Archibald se marchó a caballo con su hija y sus hombres sin mirar atrás. Dámaris tampoco lo hizo.

Alexander se quedó unos minutos plantado en la orilla con la mirada en ese punto donde había visto por última vez la cabellera oscura de Dámaris ondeando al viento. Había esperado que ella se girase en algún momento, más no fue así. Niall y Ron no dijeron nada mientras esperaban tumbados en la arena.

De regreso al barco todos estaban de buen humor, bebiendo y bailando mientras alguien hacía sonar flauta y laúd a un ritmo acelerado en compás.

Alexander tomó el relevo del timón. Billy le ofreció una botella de whisky de la que el capitán bebió directamente.

—Por el oro, capitán —brindó el africano. Billy, que conocía bien a su mejor amigo, no dijo nada sobre Dámaris o el conde. Con el rostro de Alexander era suficiente.

Alexander dio otro trago largo.

—¿Crees en el renacimiento? —asaltó Alexander. El pirata asintió—. Entonces crees posible que un alma sea capaz de volver a renacer en otra vida y otro cuerpo y tener una segunda oportunidad.

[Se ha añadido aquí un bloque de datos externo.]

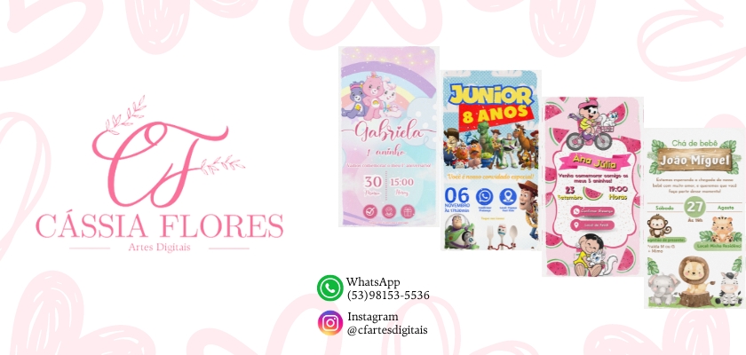 *ATENÇÃO: Os produtos são enviados apenas no formato digital, portanto não enviamos nenhum produto por correio ou qualquer outro meio!! Enviamos a arte apenas por e-mail ou whatsapp. Caso tenha alguma dúvida, por favor entre em contato pelo chat!! *** PREÇOS *** Nos reservamos o direito de alterações de preço nesta loja. Os valores aqui apresentados podem ser alterados a qualquer momento, sem aviso prévio. Caso tenha recebido uma encomenda e tenha optado por pedir mais itens posteriormente, caso este tenha sofrido alguma alteração no preço, o valor cobrado será o valor vigente no momento da sua compra. *INFORMAÇÕES IMPORTANTES: 1 - Aguardamos o site confirmar o pagamento para posteriormente realizarmos a arte desejada 2 - O cliente deverá enviar os dados que deseja no seu pedido logo após a finalização da compra e realização do pagamento 3 - Em no máximo 01 (um) dia útil após o envio dos dados, a arte será enviada ao cliente 4 - Como o produto trata-se de um arquivo digital, ele é enviado por e-mail ou WhatsApp nos formatos .PDF, .JPG ou .PNG. Vale ressaltar que a arte enviada não é editável pelo cliente, assim, certifique-se de mandar as informações certinhas 5 - Não encontrou o tema que estava procurando? Me chame através das minhas redes sociais para que possamos combinar direitinho a arte do jeitinho que você deseja (ATENÇÃO: o prazo de entrega para artes feitas 100% do zero é um pouquinho maior) HORÁRIO DE ATENDIMENTO: *Nosso horário de atendimento é de segunda à sexta-feira, das 10h às 18h. TEM ALGUMA DÚVIDA? Caso tenha alguma dúvida ou deseje solicitar mais informações, por favor, clique em contatar vendedor e deixe sua mensagem, irei te responder assim que possível <3 - Após o produto ser aprovado e a arte final ser enviada, não é possível realizar alterações. Caso seja necessário alterar algo, será cobrada uma taxa, ou caso opte, poderá fazer o pedido novamente Qualquer dúvida, entre em contato! Ficarei feliz em te auxiliar!! Obrigada pela preferência <3 Atenciosamente, Cássia Flores Artes Digitais <3
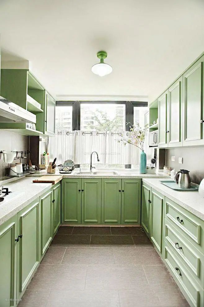 自然的绿色系清新、明亮,时时刻刻都体现了自然的风景,令厨房拥有不一样的活力与朝气。

—Hay una creencia en mi tribu —respondió tras una pausa. Billy no solía hablar mucho de su tribu ni de su tierra, Alexander sabía el motivo, por ello prestó total atención a las palabras de su amigo—. Se cree que después de la muerte, el cuerpo ha de ser quemado para que el alma que retiene dentro pueda salir de él. Cuando ese alma encuentra un nuevo cuerpo que ocupar y que sea compatible con ella, entra en él, pero hasta entonces vaga en la soledad. Los fantasmas son almas que no han encontrado su lugar en este mundo, el modo de renacer y expiar sus faltas en la vida anterior. Por eso atormentan a los vivos. Odian que otros posean lo que ellos no pueden.

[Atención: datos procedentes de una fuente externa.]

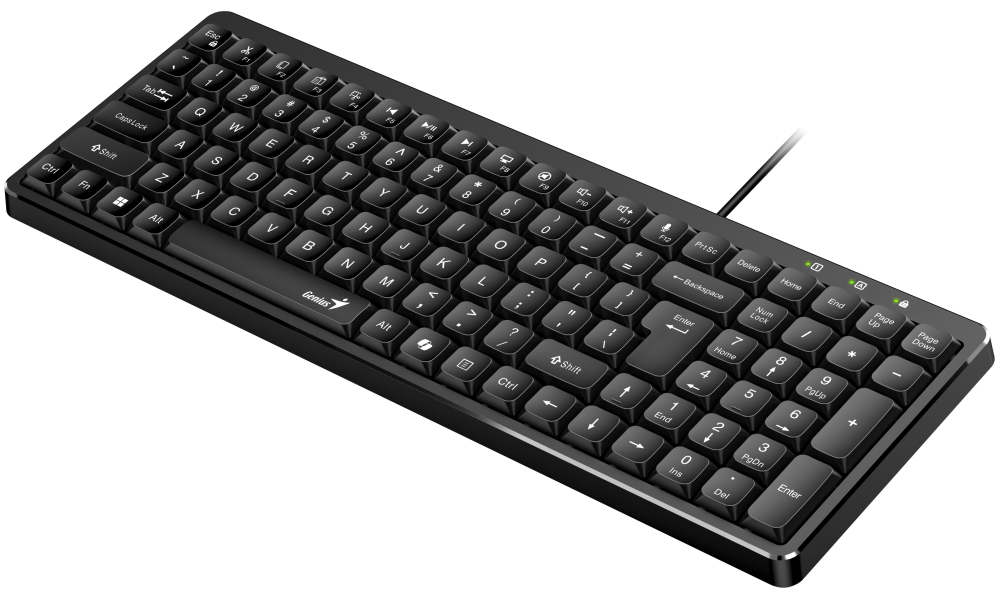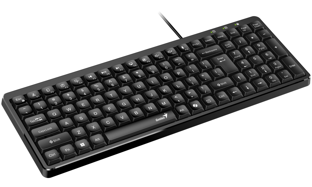 Kompaktní drátová klávesnice s numerickou částí, retrohlavicemi a dedikovanými klávesami pro Copilot AI, editaci dokumentů a ovládání médií. USB připojení plug-and-play, kompatibilní s Windows a macOS.

Alexander dio un trago más a la botella y se la entregó.

—Celebra y bebe con los demás, Billy. En unas horas estaremos en Portavogie.

—Alekai. —Billy lo miró con aprensión. En todos los años que le conocía nunca lo había visto tan atribulado—. Lo que tenga que ser será.

No hizo falta más palabrería para que el capitán del Hangman entendiese lo que su amigo quería decir.